Given entries:
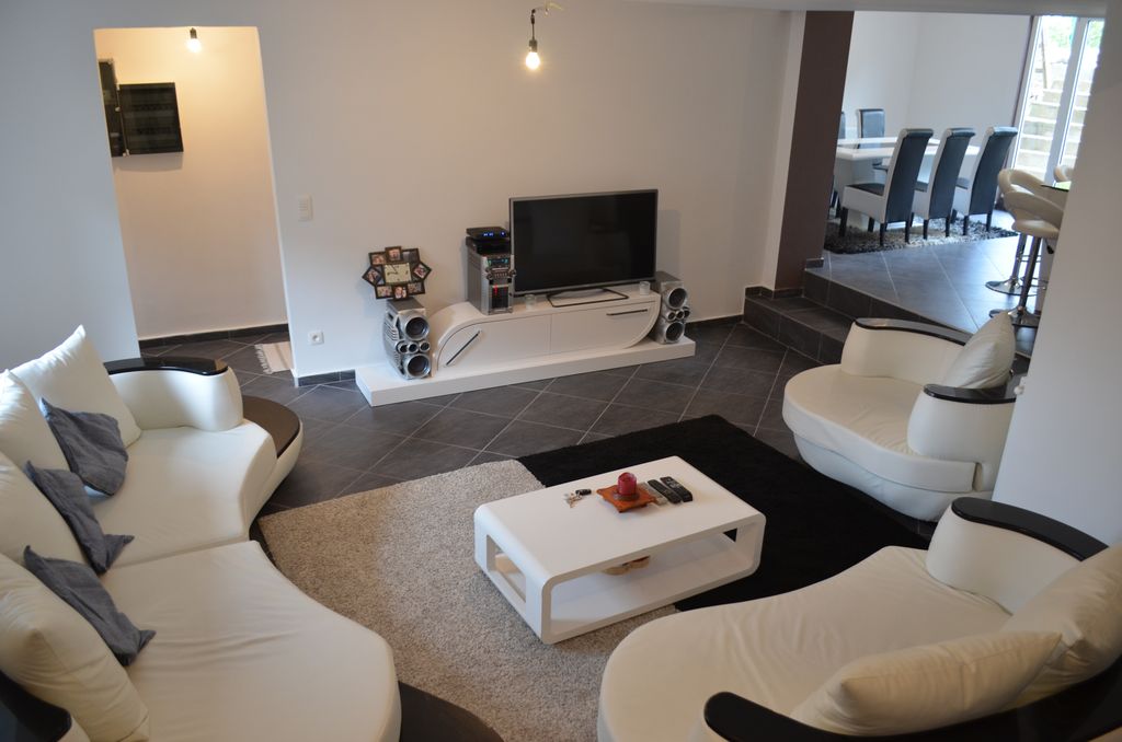 - Salle de douches: (3.12x1.82) 5.67m², carrelage, douche à l'italienne, meuble lavabo, wc suspendu Geberit suspendu, sèches serviettes, chaudière BULEX à condensation avec production d'eau chaude
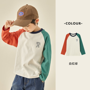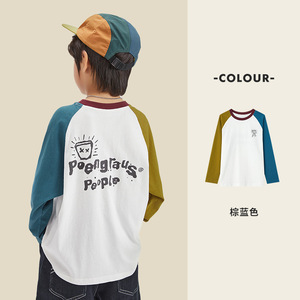 多多家男童装春款2025纯棉趣味涂鸦长袖打底儿童时尚上衣插肩袖T
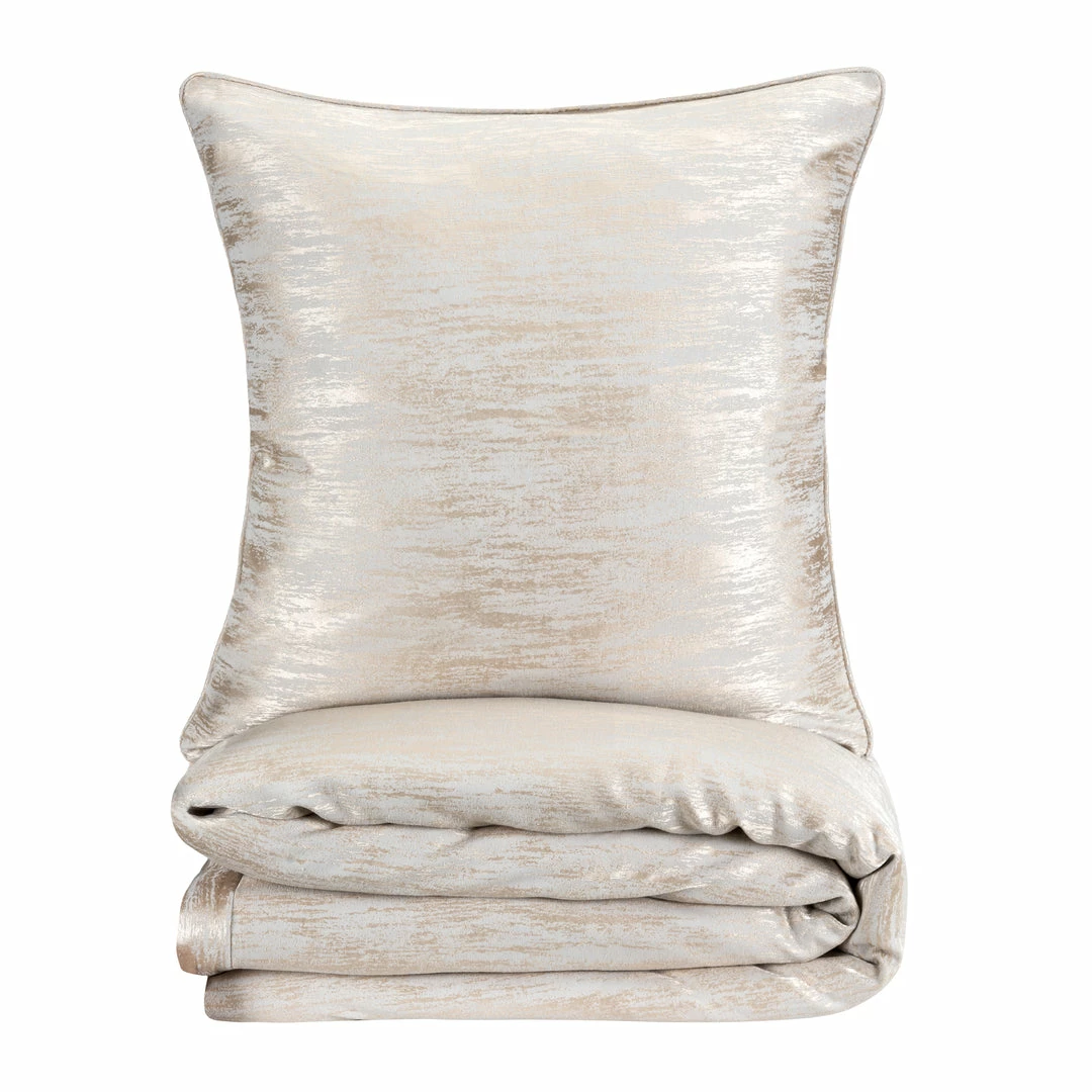 Dreams Collection- Gold Jacquard Duvet with matching standard shams. Flange on Duvet and shams
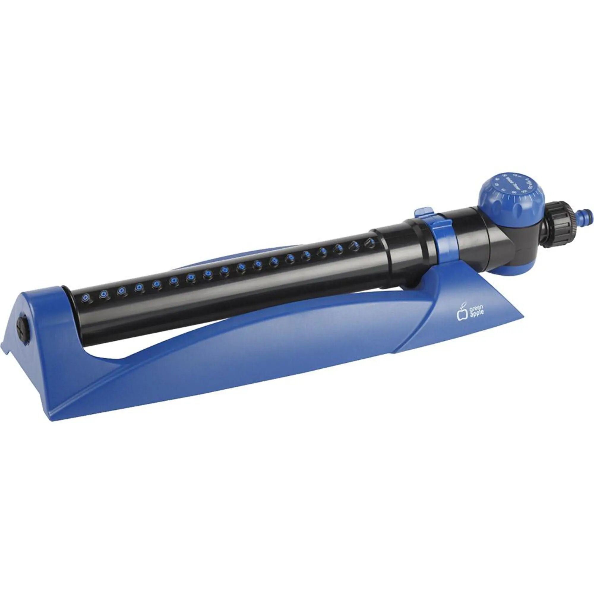 Дождеватель GREEN APPLE с таймером предназначен для равномерного полива прямоугольных участков площадью до 340 м2. Встроенный таймер позволяет установить время до отключения в диапазоне 15 - 120 мин. Снабжен фильтром и специальной иглой для очистки сопел.
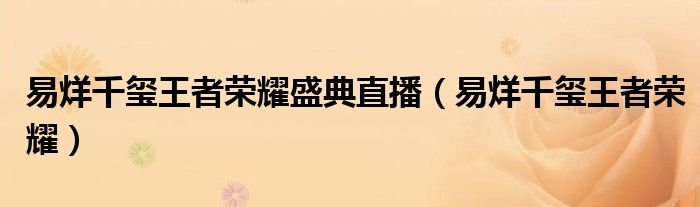 易烊千玺王者荣耀盛典直播,易烊千玺王者荣耀很多人还不知道,乐乐来为大家解答以上问题,现在让我们一起来看看吧!
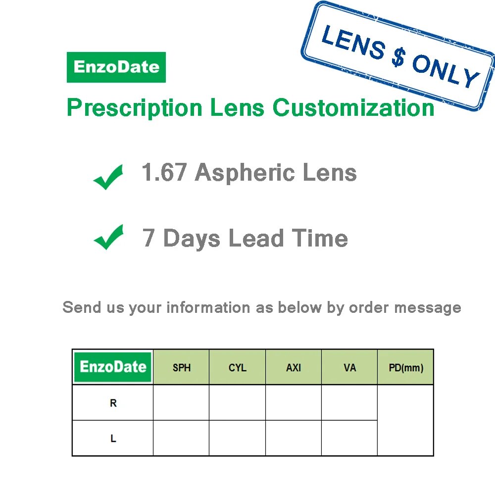 Prescription Lens : -Rx / +Rx / Astigmatism Lenses Customization
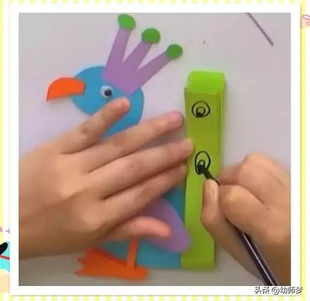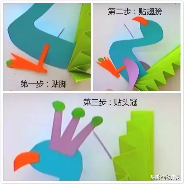 将做好的脚、头冠、嘴巴贴在孔雀身体上~
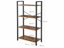 La bibliothèque de style rustique comporte 4 tablettes stables et spacieuses. Elle se caractĂ©rise par sa polyvalence et sa fonctionnalitĂ©, ce qui en fait un Ă©lĂ©ment parfait pour un salon, une chambre ou un bureau. Les tablettes ouvertes permettent d’accĂ©der facilement au contenu. La structure mĂ©tallique garantit la stabilitĂ© du meuble. La charge maximale par tablette est de 10 kg. La distance entre les tablettes est de 31.5 cm., POINTS FORTS: Style rustique, 4x tablette, Finition : tablettes en coloris marron rustique foncĂ©, cadre en coloris noir, Meuble fonctionnel Ă usage universel, Construction stable, CARACTÉRISTIQUES TECHNIQUES: Largeur 66 cm, Profondeur 30 cm, Hauteur 120 cm, MatĂ©riau : panneau de particules, mĂ©tal, Ă€ monter soi-mĂŞme, Photos des articles les plus fidèles possible, mais restant non contractuelles, les nuances de couleur et le rendu des matières prĂ©sentĂ©s Ă l’Ă©cran pouvant ĂŞtre diffĂ©rents de la rĂ©alitĂ©

Your assignment: Copy out the lines above unchanged. Skip the images.

Reply to the exercise:
 - Salle de douches: (3.12x1.82) 5.67m², carrelage, douche à l'italienne, meuble lavabo, wc suspendu Geberit suspendu, sèches serviettes, chaudière BULEX à condensation avec production d'eau chaude
 多多家男童装春款2025纯棉趣味涂鸦长袖打底儿童时尚上衣插肩袖T
 Dreams Collection- Gold Jacquard Duvet with matching standard shams. Flange on Duvet and shams
 Дождеватель GREEN APPLE с таймером предназначен для равномерного полива прямоугольных участков площадью до 340 м2. Встроенный таймер позволяет установить время до отключения в диапазоне 15 - 120 мин. Снабжен фильтром и специальной иглой для очистки сопел.
 易烊千玺王者荣耀盛典直播,易烊千玺王者荣耀很多人还不知道,乐乐来为大家解答以上问题,现在让我们一起来看看吧!
 Prescription Lens : -Rx / +Rx / Astigmatism Lenses Customization
 将做好的脚、头冠、嘴巴贴在孔雀身体上~
 La bibliothèque de style rustique comporte 4 tablettes stables et spacieuses. Elle se caractĂ©rise par sa polyvalence et sa fonctionnalitĂ©, ce qui en fait un Ă©lĂ©ment parfait pour un salon, une chambre ou un bureau. Les tablettes ouvertes permettent d’accĂ©der facilement au contenu. La structure mĂ©tallique garantit la stabilitĂ© du meuble. La charge maximale par tablette est de 10 kg. La distance entre les tablettes est de 31.5 cm., POINTS FORTS: Style rustique, 4x tablette, Finition : tablettes en coloris marron rustique foncĂ©, cadre en coloris noir, Meuble fonctionnel Ă usage universel, Construction stable, CARACTÉRISTIQUES TECHNIQUES: Largeur 66 cm, Profondeur 30 cm, Hauteur 120 cm, MatĂ©riau : panneau de particules, mĂ©tal, Ă€ monter soi-mĂŞme, Photos des articles les plus fidèles possible, mais restant non contractuelles, les nuances de couleur et le rendu des matières prĂ©sentĂ©s Ă l’Ă©cran pouvant ĂŞtre diffĂ©rents de la rĂ©alitĂ©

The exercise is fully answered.